As we go to press, Croatians, Serbians and Bosnians are engaged in full-scale war. Russia is threatening action against Estonia unless it stops discriminating against ethnic Russians. Border disputes are flaring throughout the former Soviet empire as nationalists try to carve out their own, ethnically-pure nation states.

Thus, we see the “national independence” movements move from the Third World to eastern Europe. Nationalism is not, of course, a new phenomena. But today “civilized” warfare has advanced to the point where entire cities can be levelled in a matter of hours, and tens of thousands slaughtered in mere minutes.

War is tragic enough even when necessitated (as, for example, during the Spanish Revolution) by workers’ self-defense. But its devastation is all the more tragic resulting from the empty chimera of nationalism. There is, at root, no such thing as a nation — nationalism is an empty construct that serves both to conceal internal oppression and to define the vast majority of the world’s population as outside the realm of human solidarity.

As Jose Marti noted, “To change the master is not to be free.” Throughout the Third World, nationalism has served as the vehicle for a new set of masters to take control — but there is no evidence that the majority of the population has benefitted thereby. Nor have the nationalist revolutions in the Soviet Bloc benefitted most workers (as evidenced most recently in Lithuania where voters have ousted the nationalists and returned the former communists to power — not that there is any reason to believe their oppressive yoke will be any lighter).

The nation-state is not a natural community. Rather, nationalism is the political theology of the state — a doctrine evolved to justify all manner of outrages against external and internal threats to the state’s (or the aspiring state’s) interests. Self-determination has nothing to do with it.

Thus, Serbian nationalists relocate Croatian and Moslem populations to concentration camps (when they don’t execute them outright) in order to create ethnically homogenous territories in which to construct their new nation-state.

Indonesian generals massacre residents of East Timor who wish to set up their own nation-state, in the name of preserving the unity of the Indonesian nation (itself a colonial construct devised to simplify administration of far-flung islands).

In the name of nationalism, the U.S. and its allies felt no compunction about massacring Iraqis. In turn, Iraq’s leaders appeal to nationalism to mobilize support for their attacks against the Kurds (whose nationalist “leaders” in turn use their armed forces to suppress efforts by workers to take control of their workplaces).

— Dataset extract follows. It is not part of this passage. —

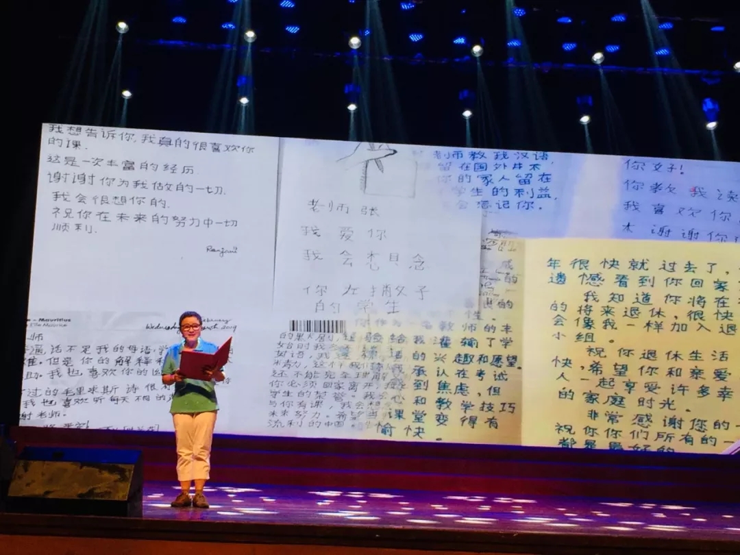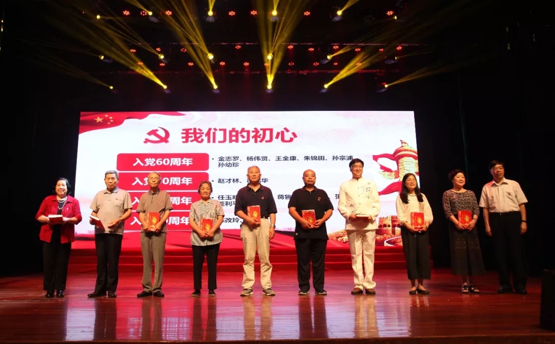 大会通过诗朗诵、舞台剧、歌舞合唱等多种艺术形式,再现了优秀党员师生相互传承、乐于奉献、敢于奋进的先进事迹和感人故事。一群入党60周年、50周年、40周年、30周年的老党员接受学校颁发的政治生日贺卡,用身体力行诠释了什么是坚定的信仰。退休党员教师张也频放弃休息,在年过花甲之际,克服种种困难、不远万里去到毛里求斯孔子学院任教,将汉语与中国文化播撒到异国他乡。满头银发的老院长康泰带领着2019年新发展的师生党员们对着党旗庄严宣誓,分享入党的初心故事。为了理想追梦却离开家人,为新中国的核试验横空出世,奉献着青春和热血的“两弹元勋”邓稼先的感人故事。这些直击灵魂的榜样人物,深深地打动了台下师生党员的心,让很多人不禁眼眶湿润。此外,我校师生还共同演绎了《我的祖国》。

The anarchist alternative to nationalism, as Sam Dolgoff notes in “Third World Nationalism and the State” (available from LLR), is a libertarian, stateless federation of various peoples with all other peoples of the world. We reject the artificial national boundaries imposed by capitalism and the state to segregate and divide the workers into hostile camps.

Our freedom, our ability to realize our capacities and pursue our desires, can only be realized when we reject nationalist efforts to paint our fellow workers in different parts of the world as “other” — as people whose aspirations and needs are less important or less legitimate than our own. It is time to more beyond international solidarity, with its implicit notion that national boundaries retain some meaning or legitimacy, towards a global solidarity of people struggling to realize our common humanity, and the freedom that we can truly enjoy only when it is extended to all.